The mud was the first thing. New toffee-coloured mud spattered across his jaw. She glanced up and down, scanning him for possibility.
Oh God. Oh my God.
Another pain in Alex’s chest. She felt the beating in there fire up again on all cylinders. This was why kids pedalled stories of headless ghosts in the forest, the mulchy floor spongy enough that any person with a half-decent pair of trainers and a degree of athletic grace (that was Alex out then) could suddenly, soundlessly appear from the woods and scare the crap out of you.
Finn looked stunned too.
Alex didn’t know where to look. The mud was a running theme.

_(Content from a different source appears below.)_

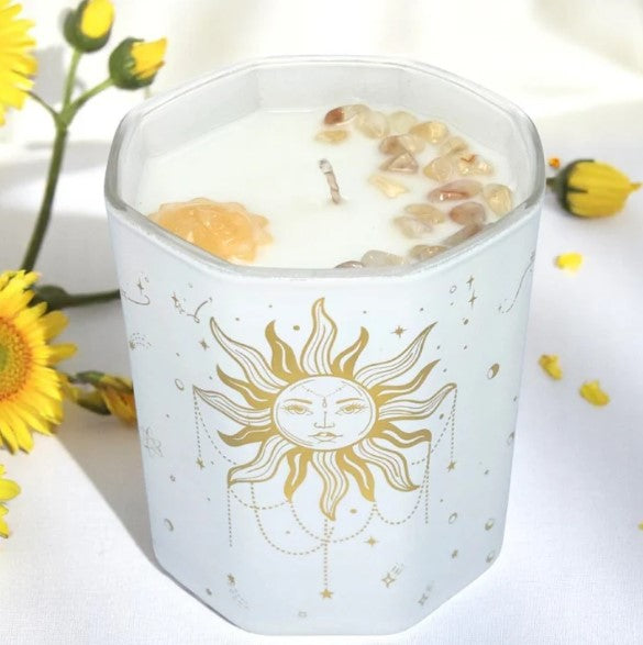 At the heart of the candle lies a Yellow Jade Sun pendant, a symbol of radiant energy, joy, and emotional harmony. Yellow Jade channels the warmth of the sun, encouraging optimism, confidence, and good fortune. As the candle burns, it reveals Citrine stone chips, often called the "Light Maker" stone, known for amplifying creativity, abundance, and positivity. Citrine resonates with the sun's natural vibration, helping to clear negativity and inspire new beginnings.

His trainers were caked in the stuff, so were the calf muscles glistening with tiny beads of sweat. He hadn’t been a runner in his youth. He hadn’t been so defined, either. She tried to take him all in. His chest was heaving beneath his t-shirt, fervently but steady, like a racehorse. A thin white wire trailed down from the headphones either side of his face giving the rise of his chest a glancing blow on its descent to one of the pockets of his jogging bottoms. Joggers cut off at the knees. He wasn’t just a runner now, he was a hardcore runner.